Suppose there are three consecutive lines that of approx. Equal height, and at first, it resembles a double bottom. These ups and downs showcase failed attempts to break through an area of support. A decreasing volume follows every test until a breakout in price happens with the increase in volume. The pattern only happens after the downtrend, and an indicator that represents the reversal pattern that indicates a long term or a short term of a downtrend to an uptrend means a bullish market.
When there are three consecutive, approx. equal peaks, it resembles a double top. The peaks are an example of failed attempts to break through an area of resistance. Each resistance test is typically accompanied by decreasing volume until a breakout in price occurs with an increase in volume. It happens only after an extended uptrend and mostly is responsible for a reverse in the pattern that focuses on a short term rather than a long term indicating a downtrend than an uptrend, meaning a bearish market. In this method, the trading volume trends should also be employed to confirm the strength of the indicator.

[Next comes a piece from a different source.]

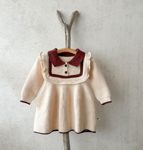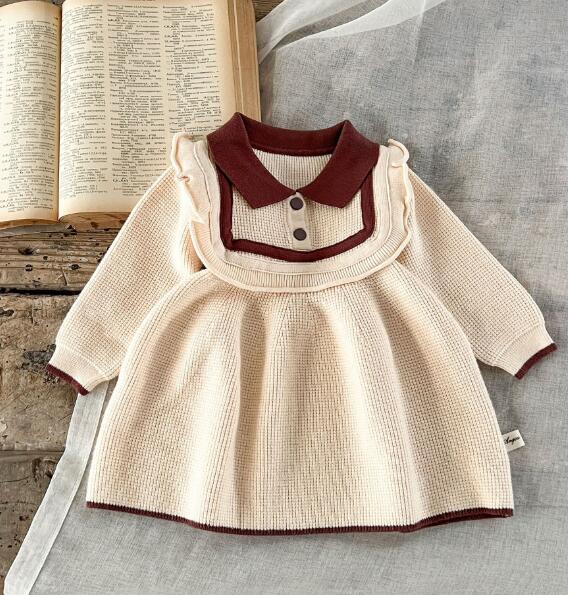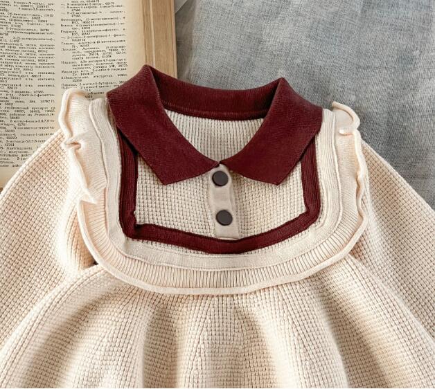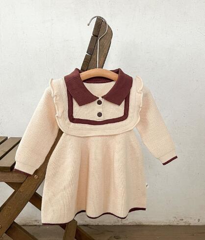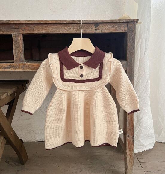 可愛らしい襟付きデザインのキッズ用ニット素材ロングワンピースです。

Bullish and Bearish Pennant
It is a small converging symmetrical triangle also known as Pennant. It usually forms a sharp advance (bullish)/ decline (bearish), followed by a brief triangular-shaped consolidation in a price (a slight change in direction), and before there is an uptrend (bullish) / downtrend (bearish) continues. The time of consolidation should have lower volume, and the breakouts should occur on higher volume. If there isn’t a flagpole (sharp decline/ advance), it’s a triangle and not a Pennant. Also, Pennants are different from a triangle rather than a short-term pattern.
The rectangle pattern indicates that there is a pause in a pause in trend as the prices start moving sideways between a parallel support and resistance zone. The pattern usually represents a consolidation in price before continuing in the original direction of the ongoing trend.
Support / Resistance
The key levels usually are resistance areas or horizontal support areas. It indicates that the peak or troughs in the price graph line up with a horizontal psychological barrier. The support and resistance lines are critical concepts in technical analysis. These are areas where buyers deem an asset attractive to buy (support) or too expensive (resistance).

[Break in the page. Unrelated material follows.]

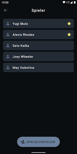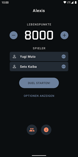 • Spielernamen und -Decks wählen - Eingabe über ein Textfeld oder Auswahl gespeicherter Spieler für einen schnellen Duel-Start

The ABCD pattern captures the classic rhythmic pattern of the market in work, and the traders use it to identify trading opportunities. Since ABCD patterns work on different timeframes, they are widely used and form in both market downtrend and uptrend. ABCD is derived from the category of harmonic pattern that consists of two equivalent price legs.
The butterfly pattern shows you if there is an ending of a price movement, meaning that you have the opportunity to enter the market during the reversal of the price.